In our most recent post, we took a look at and a listen to Shepard tones and their cousins, Shepard-Risset glissandos, which are tones or sequences of tones that create the illusion of perpetually rising (or falling) pitch. The illusion is created by overlaying a number of tones, separated by octaves, rising in unison. The volumes gradually increase from low pitch to middle pitch and gradually decrease from middle pitch to high pitch, leading to a fairly seamless continuous tone.

The same idea can be applied, mutatis mutandis, to percussive loops instead of tones, and to speed instead of pitch, thus creating the illusion of a rhythmic track that is perpetually speeding up (or slowing down). (The mechanism is exactly the same as that of the Shepard tone, so rather than provide an explanation here, I will simply refer the reader to the previous post.) Such a rhythm is known as a Risset rhythm.

I coded up some very basic examples on Supercollider. Here’s an accelerating Risset rhythm:

And a decelerating Risset rhythm:

Here’s a more complex Risset rhythm:

And, finally, a piece of electronic music employing Risset rhythms: “Calculus,” by Stretta.

 

Infinite Ascent: Shepard Tones

Have you ever been watching a movie and noticed that the musical score was seeming, impossibly, to be perpetually rising, ratcheting up the intensity of the film more and more? Or perhaps it seemed to be perpetually falling, creating a deeper and deeper sense of doom onscreen? If so, it is likely that this effect was achieved using a Shepard tone, a way of simulating an unbounded auditory ascent (or descent) in a bounded range.

To understand how Shepard tones work, let’s look at a simplified implementation of one. We will have three musical voices (middle, low, and high), with an octave between successive voices. The voices then start to move, in unison, and always an octave apart, up through a single octave, over, say, five seconds. As they go, though, they also change their volumes: the middle voice stays at full volume the whole time, the low voice gradually increases from zero volume to full volume, and the high voice gradually decreases from full volume to zero volume. The result will simply sound like a tone rising through an octave, and it can be represented visually as follows.

shepard_1

This by itself is nothing special, though. The trick of the Shepard tone is that this pattern is then repeated over, and over, and over again. Each repetition of the pattern sounds like a tone ascending an octave, but, because of the volume modulation, successive patterns are aurally glued together: the low voice from one cycle leads seamlessly to the middle voice of the next, the middle voice from one cycle leads seamlessly to the high voice of the next, and the high voice simply fades away. The result sounds like a perpetually increasing tone.

shepard_2

Note the similarity to the visual barber pole illusion, in which a rotating pole causes stripes to appear to be perpetually rising. Also, this whole story can be turned upside down, which will lead to a perpetually falling tone.

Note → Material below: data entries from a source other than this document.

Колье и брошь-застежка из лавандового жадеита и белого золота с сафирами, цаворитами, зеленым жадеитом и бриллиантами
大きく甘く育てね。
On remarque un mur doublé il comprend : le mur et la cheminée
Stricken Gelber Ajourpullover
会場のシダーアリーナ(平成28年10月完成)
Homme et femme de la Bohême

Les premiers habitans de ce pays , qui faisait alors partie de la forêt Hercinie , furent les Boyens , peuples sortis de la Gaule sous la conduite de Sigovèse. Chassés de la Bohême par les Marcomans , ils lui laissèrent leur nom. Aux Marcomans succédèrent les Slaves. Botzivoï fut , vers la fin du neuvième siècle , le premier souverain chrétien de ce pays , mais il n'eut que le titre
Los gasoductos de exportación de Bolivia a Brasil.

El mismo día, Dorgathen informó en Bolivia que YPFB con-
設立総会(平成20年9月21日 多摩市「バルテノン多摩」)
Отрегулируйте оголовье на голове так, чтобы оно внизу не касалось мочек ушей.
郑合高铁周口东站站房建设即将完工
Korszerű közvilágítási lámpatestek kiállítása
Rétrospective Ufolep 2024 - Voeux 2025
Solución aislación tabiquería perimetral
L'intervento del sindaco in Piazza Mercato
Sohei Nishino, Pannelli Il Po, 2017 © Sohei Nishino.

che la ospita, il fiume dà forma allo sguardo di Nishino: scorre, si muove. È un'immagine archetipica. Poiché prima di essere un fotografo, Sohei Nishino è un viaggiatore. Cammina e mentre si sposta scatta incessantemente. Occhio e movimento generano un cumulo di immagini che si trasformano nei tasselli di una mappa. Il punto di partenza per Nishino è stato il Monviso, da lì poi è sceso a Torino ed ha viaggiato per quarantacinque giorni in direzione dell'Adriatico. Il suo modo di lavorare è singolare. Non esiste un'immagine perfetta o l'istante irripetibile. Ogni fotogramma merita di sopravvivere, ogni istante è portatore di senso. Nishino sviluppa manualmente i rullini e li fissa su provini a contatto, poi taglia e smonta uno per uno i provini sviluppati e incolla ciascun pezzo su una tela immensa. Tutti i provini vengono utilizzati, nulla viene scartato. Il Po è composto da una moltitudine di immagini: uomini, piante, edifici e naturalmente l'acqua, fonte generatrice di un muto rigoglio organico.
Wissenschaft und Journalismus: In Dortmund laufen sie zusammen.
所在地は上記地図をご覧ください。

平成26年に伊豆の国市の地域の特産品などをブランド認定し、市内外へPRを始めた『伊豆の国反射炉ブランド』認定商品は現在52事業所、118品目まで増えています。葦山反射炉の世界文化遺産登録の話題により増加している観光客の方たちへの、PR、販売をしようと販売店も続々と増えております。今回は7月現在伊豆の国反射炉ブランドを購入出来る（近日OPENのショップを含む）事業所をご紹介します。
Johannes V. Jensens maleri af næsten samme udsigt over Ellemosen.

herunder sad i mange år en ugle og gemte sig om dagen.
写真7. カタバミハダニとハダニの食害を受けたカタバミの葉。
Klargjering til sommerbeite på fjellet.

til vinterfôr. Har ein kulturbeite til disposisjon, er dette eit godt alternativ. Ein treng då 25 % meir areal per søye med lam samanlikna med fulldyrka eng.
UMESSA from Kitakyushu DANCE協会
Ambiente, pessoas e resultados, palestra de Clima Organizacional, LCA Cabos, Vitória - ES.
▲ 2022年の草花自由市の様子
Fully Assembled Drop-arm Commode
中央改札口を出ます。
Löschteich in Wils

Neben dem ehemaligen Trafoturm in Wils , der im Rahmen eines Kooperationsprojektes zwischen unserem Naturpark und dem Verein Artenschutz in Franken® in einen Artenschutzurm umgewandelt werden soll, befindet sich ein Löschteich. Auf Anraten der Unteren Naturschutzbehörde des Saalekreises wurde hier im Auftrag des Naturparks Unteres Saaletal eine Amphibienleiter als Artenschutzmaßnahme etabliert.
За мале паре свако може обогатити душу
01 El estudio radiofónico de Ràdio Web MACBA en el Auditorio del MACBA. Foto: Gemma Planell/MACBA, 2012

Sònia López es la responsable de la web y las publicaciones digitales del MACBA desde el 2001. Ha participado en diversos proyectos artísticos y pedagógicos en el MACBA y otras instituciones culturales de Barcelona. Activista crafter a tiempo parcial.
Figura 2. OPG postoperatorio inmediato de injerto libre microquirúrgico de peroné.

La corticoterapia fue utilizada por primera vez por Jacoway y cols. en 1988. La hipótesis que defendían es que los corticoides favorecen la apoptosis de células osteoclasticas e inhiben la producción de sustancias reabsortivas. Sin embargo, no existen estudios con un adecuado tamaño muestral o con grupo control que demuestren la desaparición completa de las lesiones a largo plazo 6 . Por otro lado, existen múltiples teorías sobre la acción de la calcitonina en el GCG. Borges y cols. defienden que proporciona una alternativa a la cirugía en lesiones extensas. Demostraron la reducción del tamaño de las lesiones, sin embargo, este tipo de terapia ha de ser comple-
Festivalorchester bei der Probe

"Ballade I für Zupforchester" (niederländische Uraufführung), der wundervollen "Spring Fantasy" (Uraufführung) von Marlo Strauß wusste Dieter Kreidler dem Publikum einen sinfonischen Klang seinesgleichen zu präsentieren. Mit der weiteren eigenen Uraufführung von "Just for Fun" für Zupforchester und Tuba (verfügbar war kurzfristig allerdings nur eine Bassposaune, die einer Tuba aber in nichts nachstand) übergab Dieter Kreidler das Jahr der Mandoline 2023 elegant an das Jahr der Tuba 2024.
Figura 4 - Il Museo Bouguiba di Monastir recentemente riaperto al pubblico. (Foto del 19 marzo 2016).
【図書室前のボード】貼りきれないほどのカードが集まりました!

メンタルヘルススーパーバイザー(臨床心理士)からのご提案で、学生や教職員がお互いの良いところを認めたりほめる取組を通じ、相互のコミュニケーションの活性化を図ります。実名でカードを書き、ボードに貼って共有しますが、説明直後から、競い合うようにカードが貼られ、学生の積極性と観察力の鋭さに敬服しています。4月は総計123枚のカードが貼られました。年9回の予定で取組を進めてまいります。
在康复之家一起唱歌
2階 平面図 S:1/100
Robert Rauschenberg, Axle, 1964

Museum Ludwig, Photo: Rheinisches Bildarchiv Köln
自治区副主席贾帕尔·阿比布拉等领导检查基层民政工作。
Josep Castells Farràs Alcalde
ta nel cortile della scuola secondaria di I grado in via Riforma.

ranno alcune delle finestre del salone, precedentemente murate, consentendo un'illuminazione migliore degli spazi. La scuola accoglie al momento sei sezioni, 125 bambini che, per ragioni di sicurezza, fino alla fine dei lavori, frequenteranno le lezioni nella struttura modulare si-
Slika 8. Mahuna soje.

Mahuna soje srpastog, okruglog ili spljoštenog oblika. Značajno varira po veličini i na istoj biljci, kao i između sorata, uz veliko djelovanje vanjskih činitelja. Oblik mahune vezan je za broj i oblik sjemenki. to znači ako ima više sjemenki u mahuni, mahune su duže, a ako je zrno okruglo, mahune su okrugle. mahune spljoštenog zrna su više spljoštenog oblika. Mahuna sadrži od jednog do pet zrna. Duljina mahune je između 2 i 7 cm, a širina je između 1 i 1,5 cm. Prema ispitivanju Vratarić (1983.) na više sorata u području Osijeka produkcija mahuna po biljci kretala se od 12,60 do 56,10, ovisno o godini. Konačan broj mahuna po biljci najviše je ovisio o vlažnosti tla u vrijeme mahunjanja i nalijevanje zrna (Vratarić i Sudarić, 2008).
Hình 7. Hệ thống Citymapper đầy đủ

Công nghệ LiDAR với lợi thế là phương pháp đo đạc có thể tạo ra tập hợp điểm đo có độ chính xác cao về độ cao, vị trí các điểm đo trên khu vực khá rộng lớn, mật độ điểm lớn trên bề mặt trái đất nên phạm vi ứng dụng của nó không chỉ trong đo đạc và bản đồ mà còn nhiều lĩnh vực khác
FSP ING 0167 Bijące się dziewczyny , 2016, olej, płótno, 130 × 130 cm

Let’s hear some Shepard tones in action! Now, in practice, using only three voices does not create a particularly convincing illusion, so, to make these sounds, I used nine voices, spread across nine octaves. Also, linearly varying the volume, as in the above visualization, seems to make it more noticeable when voices enter or fade away, so I used something more like a bell curve.

(Technical notes: These Shepard tones were created in Supercollider, using modified code written by Eli Fieldsteel, from whose YouTube tutorials I have learned a great deal of what I know about Supercollider. Also, I used a formant oscillator instead of the more traditional sine oscillator.)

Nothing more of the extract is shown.